Na apelação, o MP defendeu que o fato de o infrator ter atingido a maioridade penal não impede a aplicação de medida socioeducativa compatível ao caso, já que o ato infracional cometido pelo adolescente, na época com 17 anos de idade, é equiparado ao delito tipificado pelo art. 155, §§ 1º e 4º, I, do Código Penal – furto qualificado. A Procuradoria-Geral de Justiça opinou pelo provimento do recurso.

Para o relator do processo, Des. Luiz Claudio Bonassini da Silva, as medidas socioeducativas a serem aplicadas a adolescente infrator, com base no ECA, podem ser estendidas até que complete 21 anos, sendo irrelevante a implementação da maioridade civil ou penal no decorrer de seu cumprimento.

O Superior Tribunal de Justiça (STJ), por meio do Tema Repetitivo nº 992, firmou a tese no sentido de que a superveniência da maioridade penal não interfere na apuração de ato infracional nem na aplicabilidade de medida socioeducativa em curso, inclusive na liberdade assistida, enquanto não atingida a idade de 21 anos, escreveu o magistrado em seu voto.

Citando jurisprudência do STJ, do STF e doutrinadores, o relator apontou que se o adolescente pratica ato infracional antes de completar 18 anos, deve percorrer o caminho processual previsto no ECA, com a prolação da sentença, mesmo que já tenha ultrapassado o limite: o que importa é a data do fato.

Ele trouxe ainda ao processo a Súmula nº 605, do STJ, a qual dispõe que a superveniência da maioridade penal não interfere na apuração de ato infracional nem na aplicabilidade de medida socioeducativa em curso, inclusive na liberdade assistida, enquanto não atingida a idade de 21 anos.

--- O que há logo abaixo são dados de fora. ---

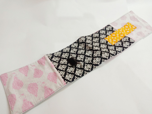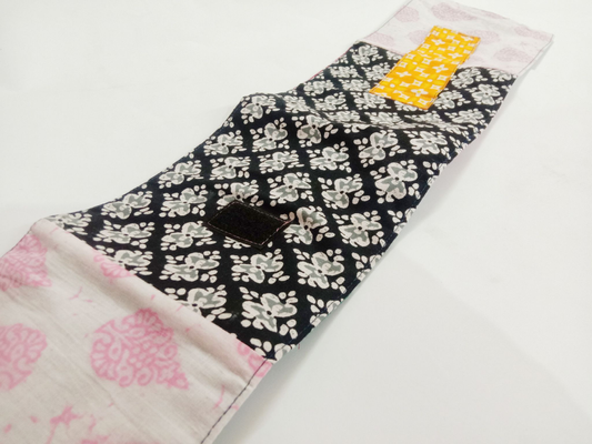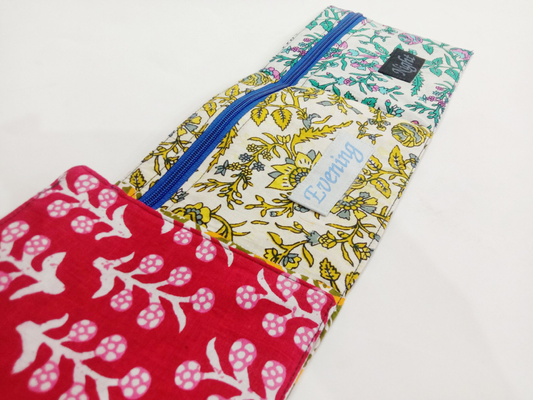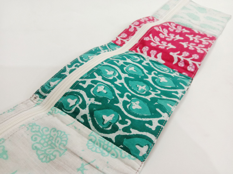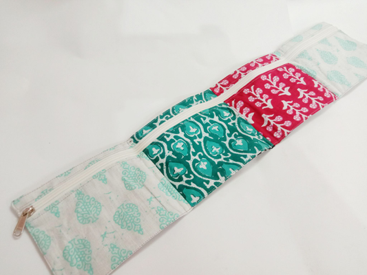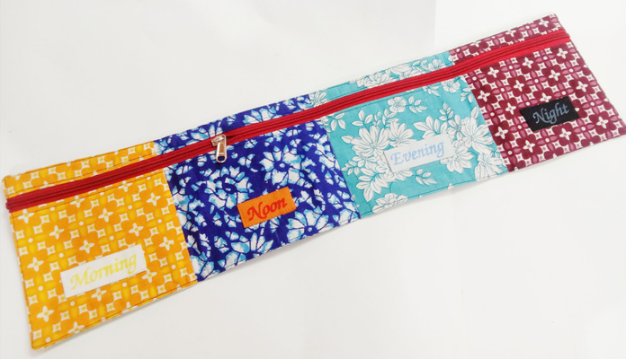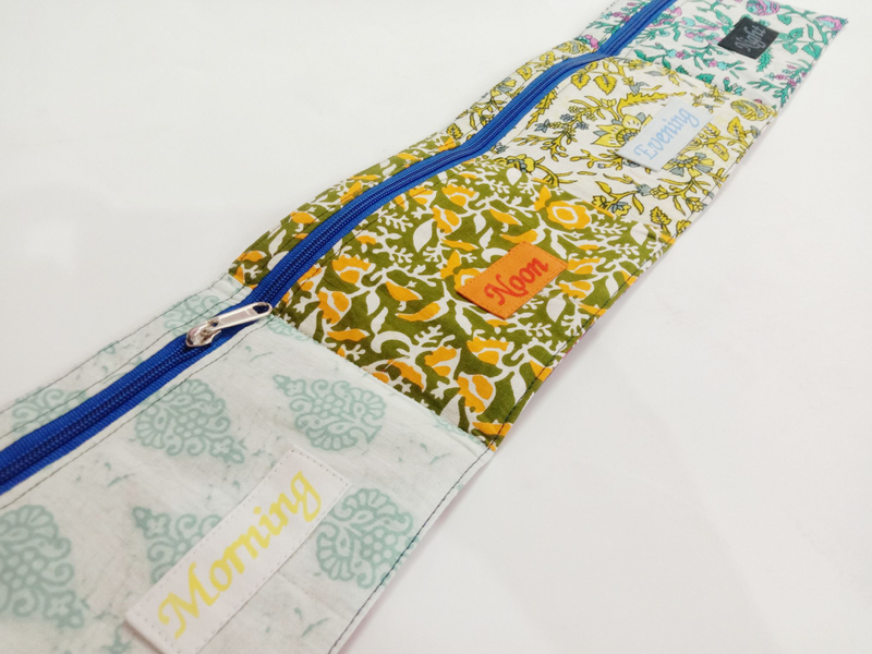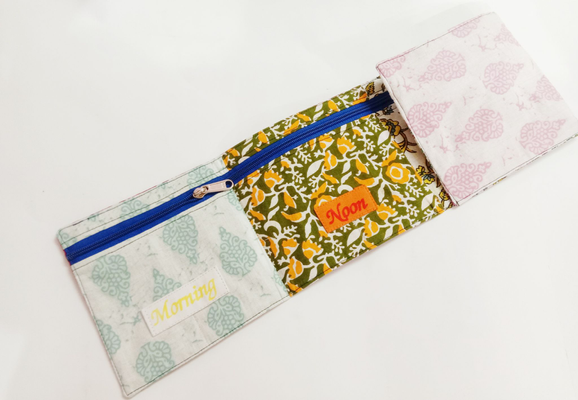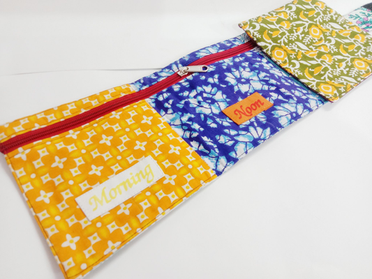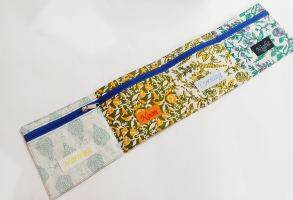 This pouch is made from 100% cotton fabric and has one long zip going through all the pockets for easy usage. Rather than using plastic boxes to organize your daily medicines , this pouch is a sustainable option and Eco friendly option to do so.
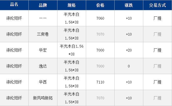 1.4D半光直紡滌綸短纖江浙商談重心7100-7200元/噸出廠或短送,福建7150-7250元/噸附近短送,山東、河北主流7150-7250元/噸送到。
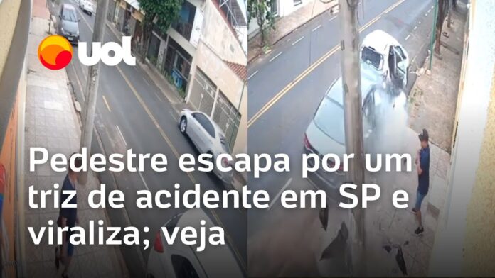 Um carro ficou desgovernado e colidiu contra um poste de energia elétrica em Birigui, interior de São Paulo. Imagens de circuito de segurança mostram o veículo seguindo em alta velocidade, enquanto um pedestre caminhava pela calçada e, por pouco, não foi atingido.
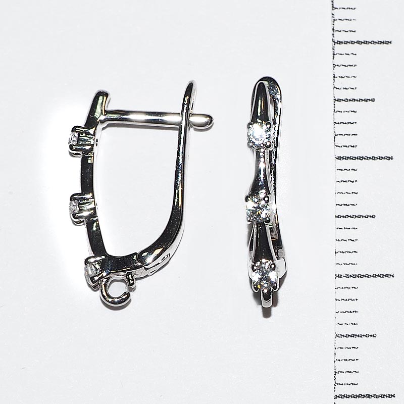Швензы с французским замком Бали с тремя стразами 0000697 серебряный 20x12x3 мм
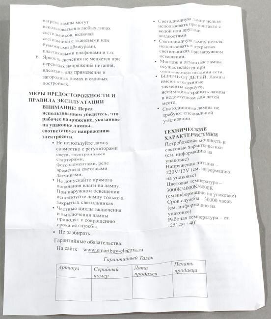 | Эквивалент лампы накаливания | 30 Вт |
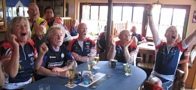 Moskau, Istanbul, Lissabon, Jalta, Dublin, Tallinn, Venedig, Palermo – die Euroradler spielen bereits in der ersten Liga. Mit der Nordkapfahrt 2009 gibt es jetzt das „i“-Tüpfelchen oben drauf. Und dort wo wir Euroradler sind, da wollten am Sonntag natürlich auch die 05er aus Mainz hin. Giesela hatte einen Wunsch – beim Aufstieg der Mainzer dabei zu sein. Im Stadion, das ging nicht – schließlich sind wir in der Lüneburger Heide unterwegs. Über Radio und „Knopf im Ohr“ war auch keine berauschende Idee. Also was tun? Für jedes Problem haben die Euroradler eine Lösung. Am Samstag (spät abends) ein wenig recherchieren und herausfinden wo es eine „Sportsbar“ gibt. Dann berechnen wo man etwa gegen 15 Uhr sein wird (zumindest die zweite Halbzeit sollte es sein) und am Sonntagvormittag telefonieren.
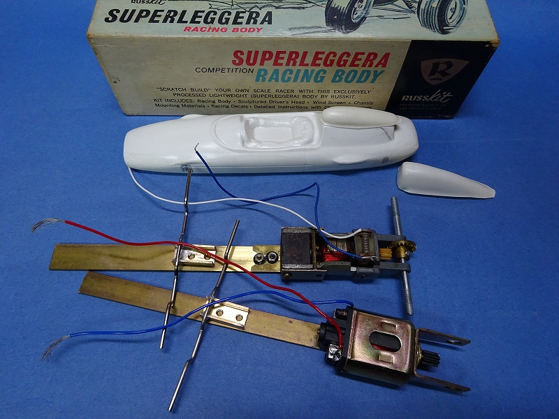 今回も時間つぶしに始めてはみたのだが、昔の問題点の解決策が見つかった訳ではなかった。 ・・・作るきっかけになったのは、このキットのワイヤーホイルに丁度合いそうなインナーホイルが見つかったからなのだ。(私の作る車は、殆どがスロットカーばかりなのである・・・。) 写真でも判ると思うのだが、イタレリのホイルの内側から、丁度サイズの合う古いねじ切りホイルをゴム系接着剤でしっかり留めている。 意外とブレ無く止まってはいるのだが、経年変化にはどうなのだろうか? ・・・それはサカツウのフィッティングホイルも同じだとは思うのだが?!
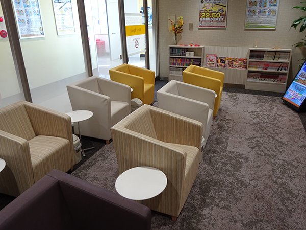 レストコーナーには雑誌や漫画本、テレビなどが用意されている。禁煙となっているため、クリーンな空間のなかで過ごせるように思えた。
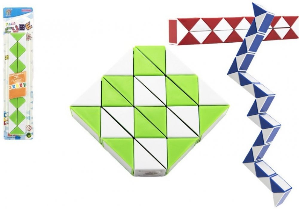 Magický had je slavný hlavolam nebo spíše skládačka či puzzle, ze kterého můžete skládat nejrůznější prostorové tvary, ať už fascinující geometrické struktury nebo obyčejná zvířátka. Nenechá vás se nudit a dokonale rozvíjí tvořivé myšlení. Věk: od 3 let Materiál: plast Rozměr: 20 cm Barva hada dle aktuální dostupnosti od dodavatele, nelze vybírat.
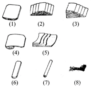 夹板固定除夹板外,还需压垫,压垫有用软纸叠成的,但作者喜用脱脂棉剪成,因棉花较软纸更柔软,不易造成压伤。压垫的形状是根据肢体部位及特殊要求,常用有以下几种形状(图1)。
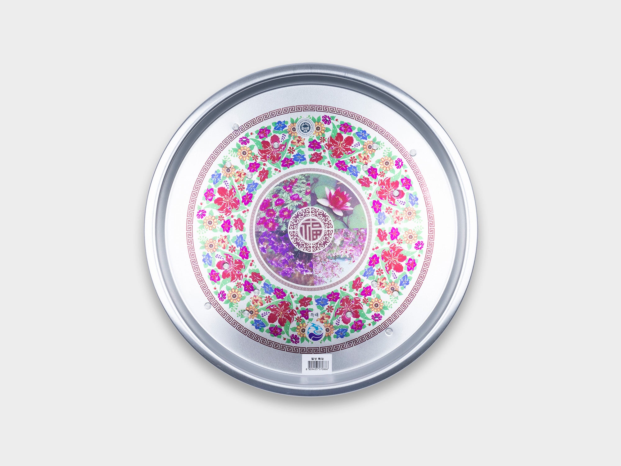 +A large aluminium tray for condiments with a printed motif. These are an ancient tool for serving food in Korea. They grow more beautiful with age and use. This particular version has folding metal legs which allow it to stand taller and save tabletop space.
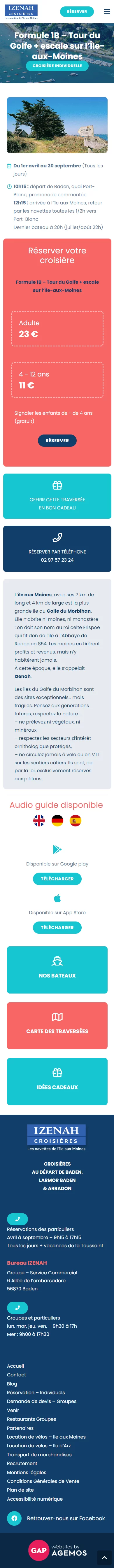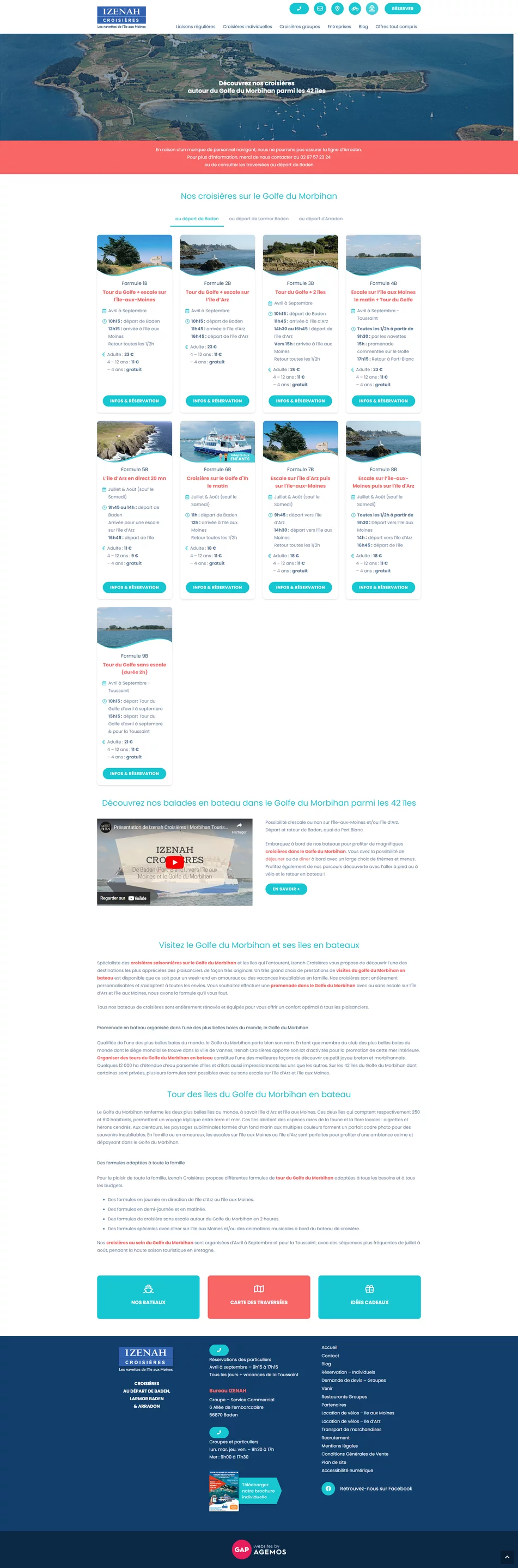 - Vitrine en ligne : Ce site Internet recense tous les produits et service proposés par Izenah et notamment les croisières et liaisons régulières dans le Golfe du Morbihan
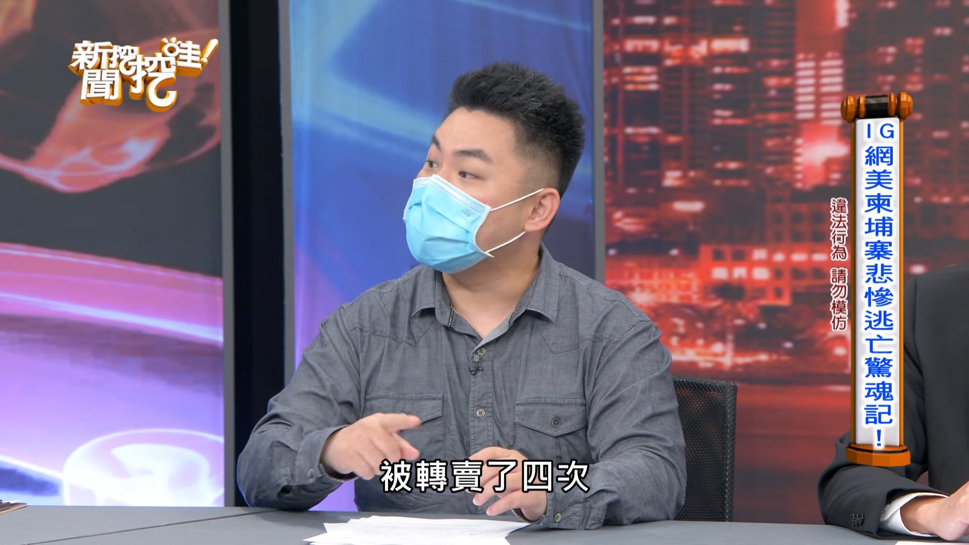 全球反詐騙組織(GASO)的成員Sammy在《新聞挖挖哇》節目中透露了一名IG網美受騙的故事,他表示當事人原本就有在接國外的工作,但殊不知這份工作實際上是一場騙局,她一到當地護照就被收走,人身自由受到控制,在短時間內就遭到人口販賣集團轉售四次,更可怕的是,短短七天遭到侵犯的次數高達9次,直到最後已經不成人形,相當可怕!
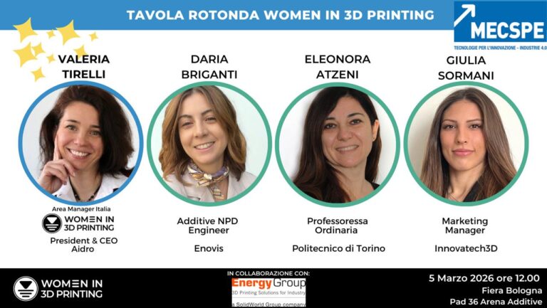 Il prossimo 5 marzo, nell’ambito di MECSPE, si terrà una tavola rotonda organizzatada Women in 3D Printing, dedicata alle sfide
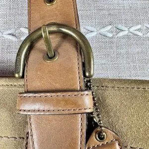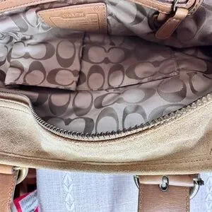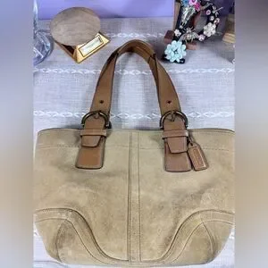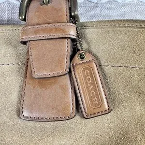 Coach Tan Suede & Leather Tote with Logo Hang Tag

No entender do relator, a questão encontra-se pacificada pelos Tribunais, não havendo razão alguma para extinguir o feito pelo fato de o infrator ter alcançado a maioridade penal no curso do processo. Assim, com pacífica e reiterada jurisprudência, defende o magistrado que a maioridade não é óbice para aplicação de medidas socioeducativas, tanto de internação quanto as mais brandas (reparação do dano, prestação de serviços à comunidade, advertência ou liberdade assistida) por terem caráter ressocializante e educativo.

Diante disso, é certo que as medidas socioeducativas previstas pelo ECA podem ser aplicadas até que o infrator complete os 21 anos de idade, fato que, neste caso, ocorrerá somente em 20/11/2021. Sendo assim, determina-se o regular prosseguimento do feito. São estes os fundamentos pelos quais dou provimento ao recurso, concluiu.

O processo tramitou em segredo de justiça.